The Northlake tiny house village is slated to be closed by the end of the year while Council Member Kshama Sawant and other leaders attempt to resurrect the project. (Courtesy Low-Income Housing Institute)

A tiny house village project in the Northlake neighborhood of Seattle went awry last month when employees from the Low-Income Housing Institute (LIHI) informed residents that the development would be shuttered by the end of the year. This shutdown comes seven months after the perimeter gates of the 19-bed village were locked by residents against the city and its contractors over fears of a takeover. This marks the second time the city has defunded a tiny house village program without providing an alternative housing solution for its formerly homeless residents.

The village has been named Northlake and is internally organized by Nickelsville, a group of homeless and formerly homeless residents of the village. LIHI states that its members were gradually made to feel unwelcome in the village by members of Northlake; John Travena, a resident of the village, explained that “autonomy is very important,” and that its members have attempted to “control who comes in and goes out.” Sharon Lee, the executive director of LIHI, explained that her group “know[s] that there are fundamental differences that make it impossible for us to work together.”

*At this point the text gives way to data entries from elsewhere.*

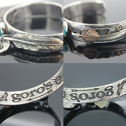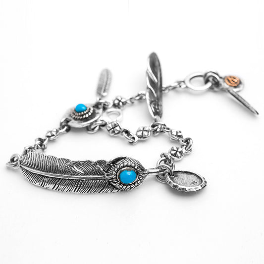 フェザーハンドメイドターコイズブレスレット 幅広インドスタイル
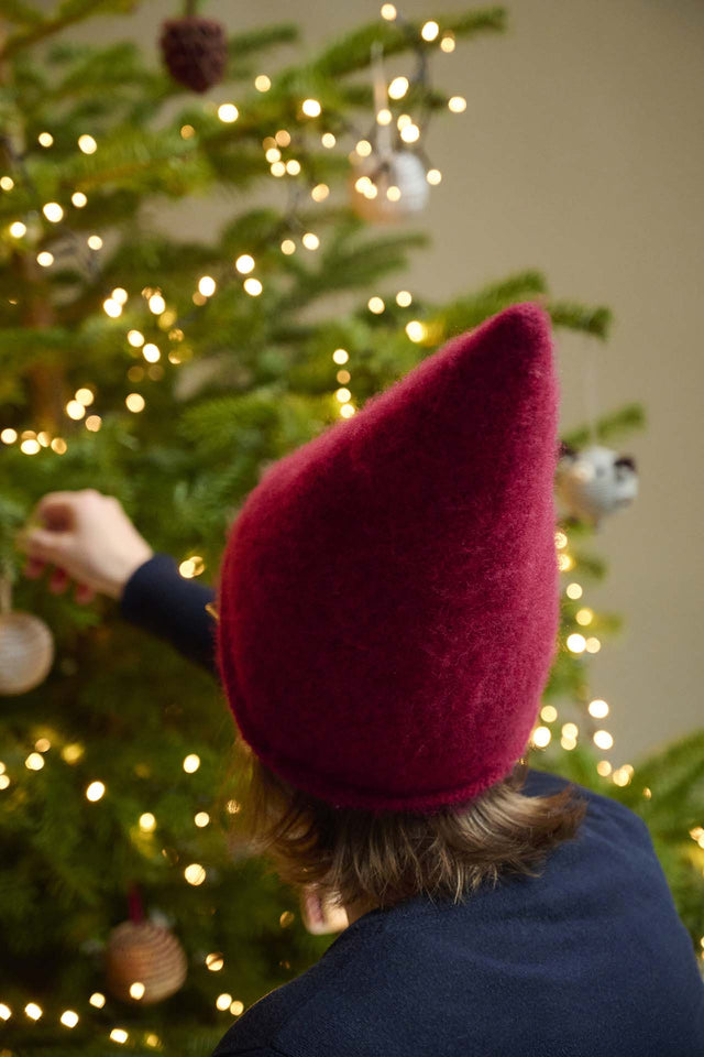 Denne superfine nissehue er strikket og derefter filtet. Dette giver huen et helt perfekt og hyggeligt udtryk. Huen er nøje sammensat i facon, enkelthed og anvendelighed, så den sidder virkelig godt på hovedet og kan nemt bruges af både børn og voksne. Den er virkelig fin at have på udendørs, fordi filtningen gør huen ekstra fast og dermed vindtæt og varm. Opskriften er helt enkelt, så alle kan være med.
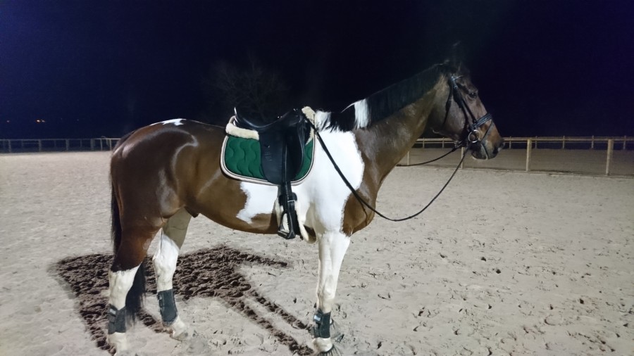Et du galop, allonger reprendre... bah j'ai complètement galérer... je sais pas si c'est l'effet bride... mais alors ça n'allait pas, il s'appuyait ou fuyait le contact en secouant la tête en faisant des trucs bizarre.... il a corné vite fort... galop/trot/galop ça allait , même si la descendante aurait pu être plus jolie, un peu de contre galop large, bof les petits cercles au galop, puis retour au trot où j'essayais d'avoir la sensation de la veille, assise, et lui qui me porte, sauf que là il jouait pas le jeu, du coup moi agitée dessus, impossible de tenir ... essayé de developper impossible aussi, il ne réagissait pas (puis sans stick, rien a fiche le poney)...

Many of the residents of Northlake are eager to keep the village in operation because it provides a positive, more independent alternative to the typical homeless shelter model. Village residents elect their leaders internally each week and have essentially run the property themselves by handling security, kitchen duties, and other operations as a community. The model is catching on in Seattle (albeit slowly), where residents can also host homeless members of the community in tiny homes built in their backyard.

Though city spokesperson Will Lemke stated in a press release that the village will shut down on December 31st and be returned to Seattle City Light, the city’s publicly owned electric power utility, Council Member Kshama Sawant is currently making efforts to keep Northlake in operation while developing additional tiny home villages. Brooke Brod, a Northlake neighbor and member of the village’s advisory council, said that “all of us would be very sad to see the permit not renewed at Northlake,” and imagined that “for some folks at the city, the perspective is ‘this is a thorn in our side; it will go away if we don’t renew the permit.”